Finiteness of the Measure Space appearing in Spectral Theorem of Bounded Operators

Question

Consider the multiplication operator version of the spectral theorem for bounded operators in a Hilbert space. Quoted from Wikipedia:

Let $A$ be a bounded self-adjoint operator on a Hilbert space $H$. Then there is a measure space $(X, \Sigma, \mu)$ and a real-valued essentially bounded measurable function $f$ on $X$ and a unitary operator $U:H \to L^2(X, \mu)$ such that $U^\dagger T_f U = A$ where $T_f$ is the multiplication operator: $T_f [\varphi](x) = f(x) \varphi(x)$ and $\|T_f\| = \|f\|_\infty$.

It is not much work to find an example where this measure space is not unique. For example, one can look at the sum of the left shift and right shift operators in $L^2(\mathbb{Z})$ and use Fourier series to see that the space $X$ can be any real interval.

My question is, using the boundedness of $A$, can we always find a measure space with finite measure satisfying this theorem? In particular, can we always find one such that $\mu(X)=1$?

Answer 1

For the separable setting, yes. The reference for what follows is Reed-Simon Vol. 1.
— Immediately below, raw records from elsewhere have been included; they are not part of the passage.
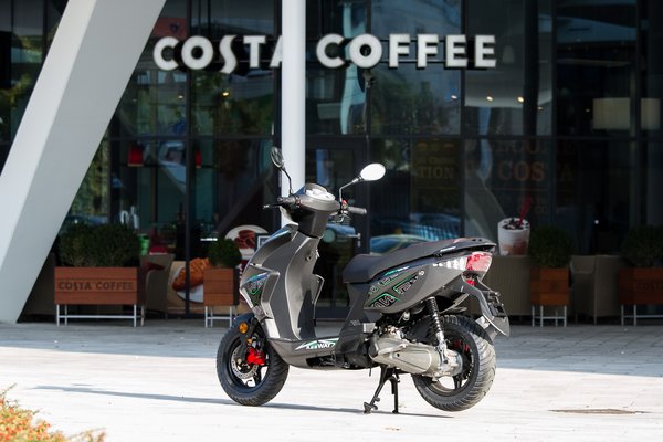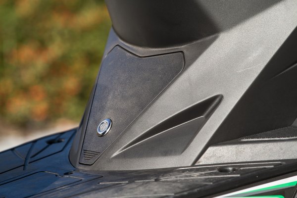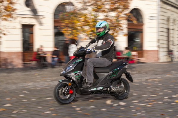 Ugyanígy praktikus, hogy egyaránt van közép- és oldalsztender, illetve lehet élni nélküle, de azért jó, hogy kapott vészleállító gombot, amit még a lényegesen drágább robogókról is rendszeresen lespórolnak. Persze az sem lett volna rossz, ha az index kapcsolóját úgy tervezik, hogy kesztyűben is használható legyen, egy idő után elkezdtem lenézegetni a műszerfalra, hogy sikerült-e az irányjelzés, mielőtt gyanútlanul kilapít a mögöttem érkező. Szintén nem szerencsés, hogy a világítást nekem kell felkapcsolnom – lakott területen is kötelező, igazán lehetne automatikus, már csak azért is, mert pont a motoros jogosítvány és tapasztalat nélkül ötvenessel cikázó szerencsétlenek vannak a legnagyobb veszélyben, és tízből kilencszer ők azok, akik akár országúton is simán gurulnak lámpa nélkül.
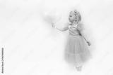 Beautiful child in lush pink dress with tulle skirt holds balloons in hands. Little elegant girl isolated on white background
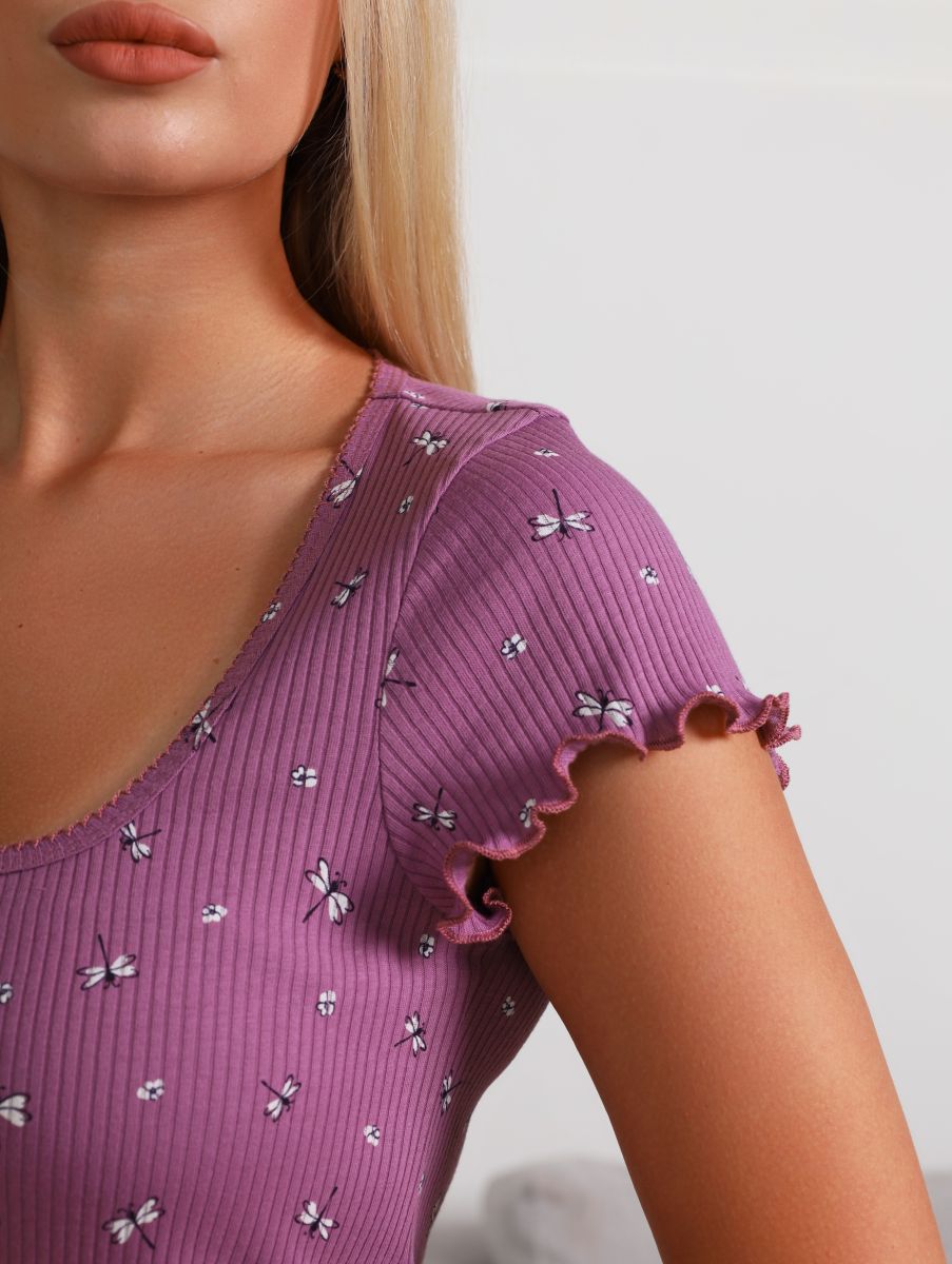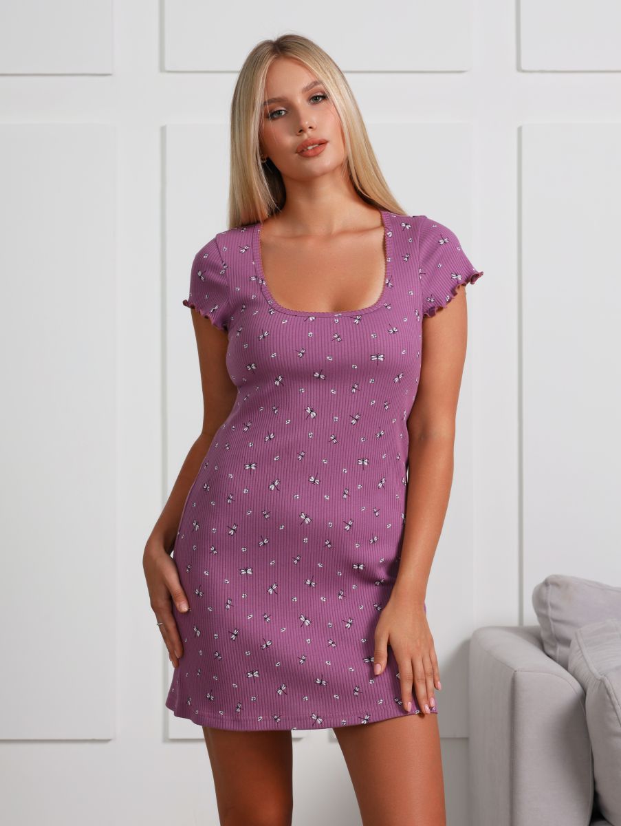 Сорочка молодежная из трикотажного полотна «кашкорсе» с набивным рисунком, слегка расширенная книзу, с короткими втачными рукавами, углубленной формой горловины, окантованной основным материалом и украшенной декоративной строчкой «кроше». Низ изделия и нижние срезы рукавов обработаны узкой обметочной строчкой, создающей красивый волнистый край.
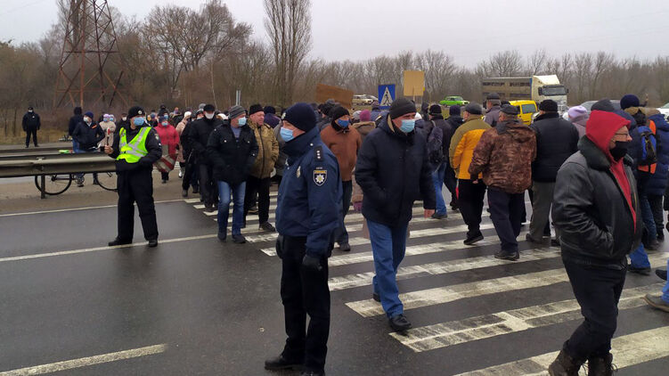 Под Полтавой сотни жителей взбунтовались против повышения тарифов и перекрыли трассу Киев-Харьков. Фото
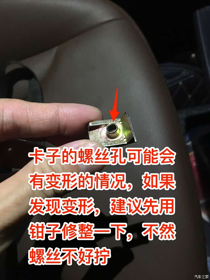 分享一点个人心得,先拧靠车门的那颗螺丝,手可以伸到卡子的位置来定位螺丝,比较好拧,先拧一点进去,保证螺丝不会掉下来就行,然后拧里面那颗螺丝,里面那颗螺丝可以先趴下去用手电照抽屉支架的螺丝孔,看看有没有跟卡子的螺丝孔对齐,如果没有,就用手微调一下卡子的位置,直到基本对齐了再拧螺丝,这样会比较好拧进去,两个螺丝都拧进卡子以后,再分别拧紧就可以了。
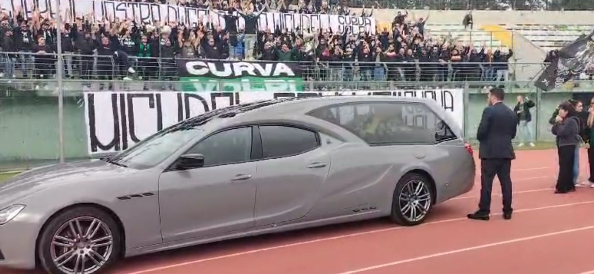 Il feretro, accompagnato dai famigliari, ha fatto il suo ingresso allo stadio Angelini, dove ad attenderlo c’erano tutti i tifosi della Curva e una folta rappresentanza della squadra, con il direttore sportivo Ciccone, il tecnico Ignoffo e diversi calciatori, tra cui Forgione e Fall.
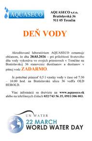 Akreditované laboratórium AQUASECO oznamuje občanom, že dňa 20.03.2026 – pri príležitosti Svetového dňa vody vykonáva vo svojich priestoroch v Trenčíne na Bratislavskej 36 stanovenie dusičnanov a dusitanov v pitnej vode ZADARMO.
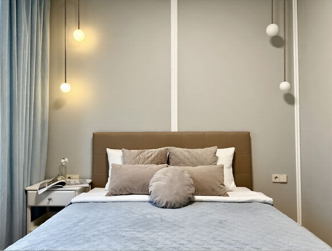 Продуманная система сна: кровать 160*200 с премиальным ортопедическим матрасом, дорогое постельное белье страйп-сатин
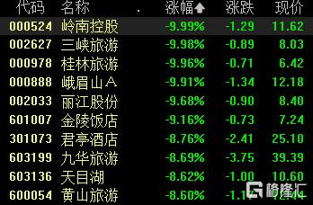 旅游及酒店股大跌,岭南控股、三峡旅游、桂林旅游跌停,丽江股份、金陵饭店跌超9%,君亭酒店、九华旅游等跟跌。
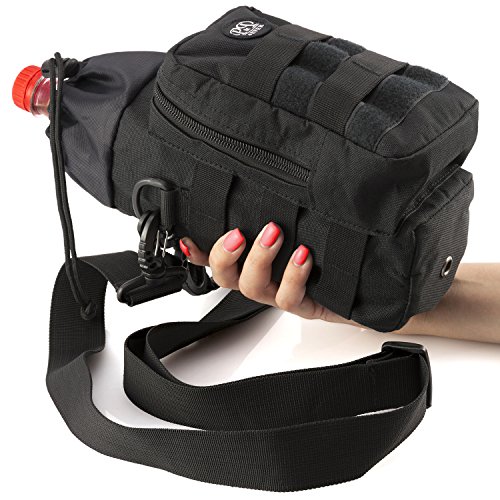 Water Bottle Carrier and Holder Bag - Molle Pouch Black Tactical for Hydration - Sport Travel Bicycle and Hiking 16 oz to 64 oz-Carrying Straps for Hand and Shoulder with Waterproof Pocket by P&P4EVER
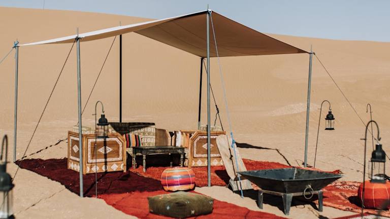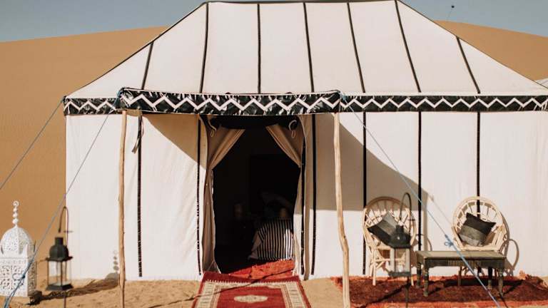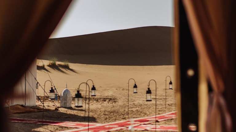 Desert Luxury Camp Erg Chigaga bietet eine einzigartige Übernachtungsmöglichkeit in der Wüste, kombiniert mit luxuriösem Komfort und naturnaher Atmosphäre.
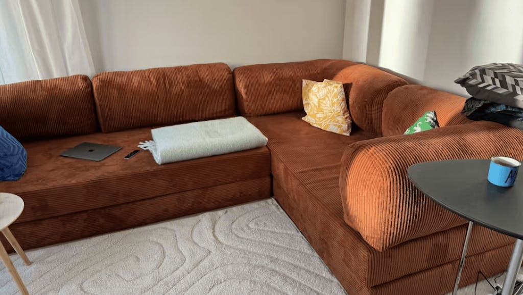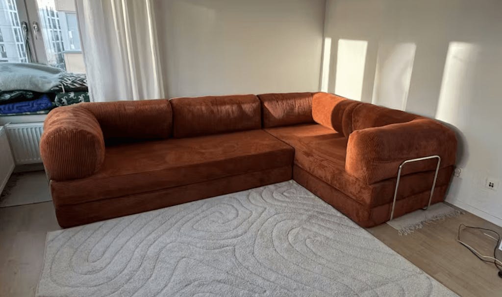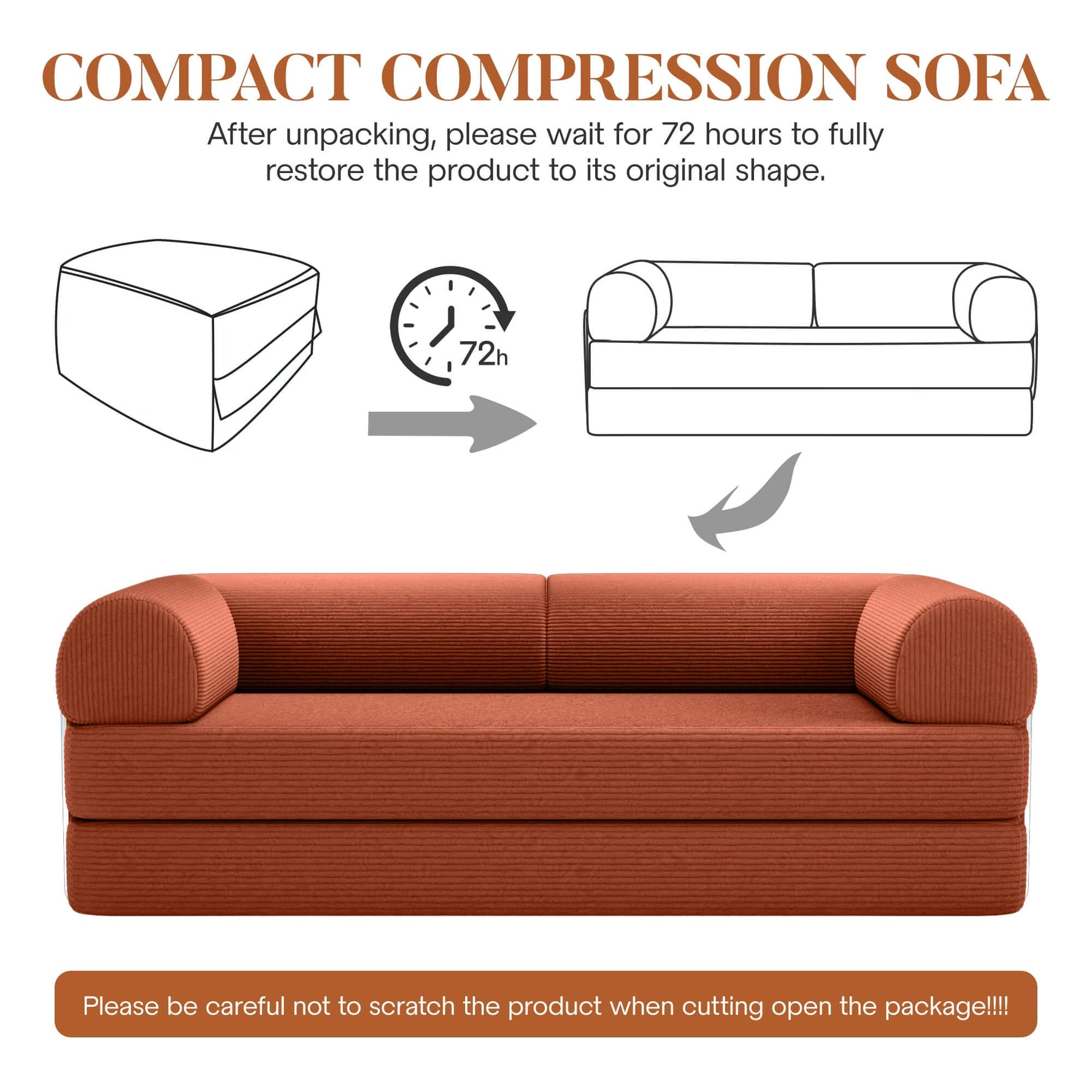 The sofa bed arrives vacuum-packed for easy delivery. Simply unbox, let the cushions expand for 24–72 hours, and perform the simple assembly to set it up.
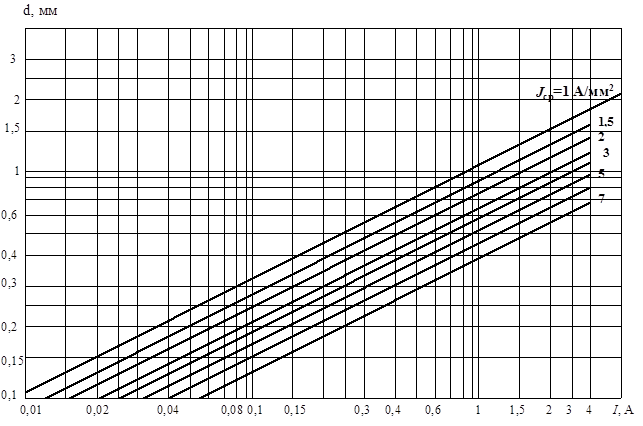 Рис. 7. Зависимость диаметра провода обмоток от тока I и средней плотности тока Jcp Диаметр проводов обмоток можно также определить расчетным путем:
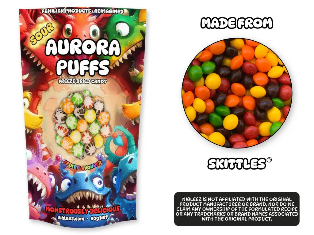 Sour Aurora Puffs (made from freeze dried Sour Skittles) are one of the most popular freeze-dried products on the market! By removing every bit of moisture from the candy, it becomes crisp and crunchy, while retaining every bit of delicious fruity flavour! For the candy connoisseur, these are the pinnacle of sugary goodness! You simply need to try them!
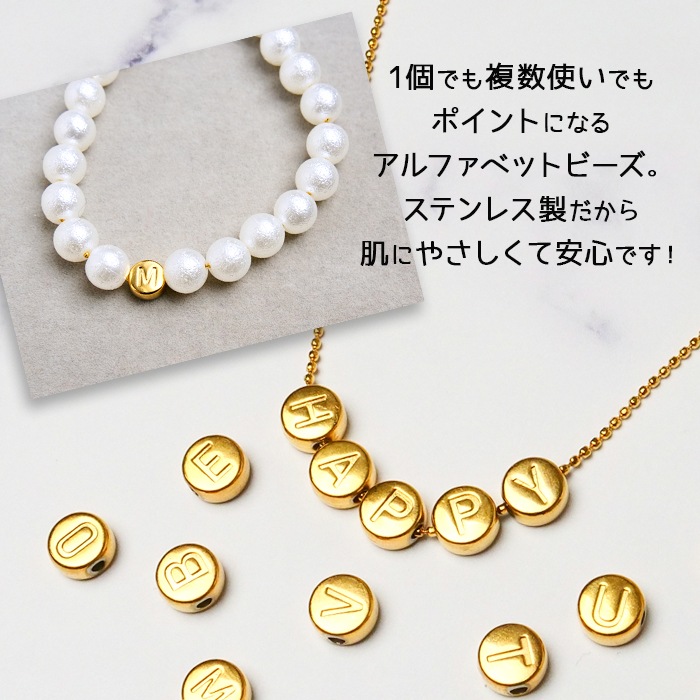 ◆ステンレス製 アルファベットビーズ【ゴールド O~Z 】はこちら◆

The theorem you quote as the spectral theorem is viewed as a quick corollary of the "real" spectral theorem, Reed-Simon Theorem VII.3 where $A$ is conjugated to a direct sum: $$ U:H\to \oplus_{n=1}^N L^2(\mathbb R,d\mu_n)\\ (UAU^*\psi)_n(\lambda)=\lambda\psi_n $$ where $N$ may be infinite. I.e. U conjugates $A$ to a direct sum of operators which are just multiplication by the independent variable on each of the (direct) summands. What you quote as the spectral theorem is then a quick corollary of the above (immediately below in the book), with the added property that the measure $\mu$ may be taken to be finite (and in their construction, it in fact satisfies $\mu(X)=1$).

Answer 2

I'll refer to E.B. Davies' Spectral Theory and Differential Operators, and I'll limit myself to separable Hilbert spaces in case what I said in my comment above isn't true (I could have easily misinterpreted what Davies said) and you need to modify the statement so much that you lose the finiteness of the measure.

Given a self-adjoint operator $A$ (it can be unbounded) on $H$, you can decompose $H$ as a countable sum of cyclic subspaces $L_n$ for $A$, on each of which you can apply the Riesz-Markov theorem on a well-chosen linear functional to get a finite measure $\mu_n$ such that on $L_n$ the theorem is true for $X = \sigma(A)$ and $f$ is just the identity function. Then, you "gather" all these copies of $\sigma(A)$ and those $\mu_n$. Hence at the end $X$ can be chosen as $\sigma(A) \times \mathbb{N}$ and $f$ as the function $f : (s,n) \mapsto s$ (still the identity function in terms of $s$), with the (finite!) measure being $\mu_n$ on each $\sigma(A) \times \{n\}$. I don't know what happens in the general non-separable case.

I should note that that passage is pretty self-contained if you skip directly to Them 2.3.1 and accept that theorem (the existence and uniquness of a functional calculus on the continuous functions vanishing at infinity) as true, and even moreso if you only want to consider bounded operators and not general unbounded operators, in which case you can also ignore domain issues for the most part. Another possible reference is Reed and Simon's Functional Analysis, Chapter VII I believe.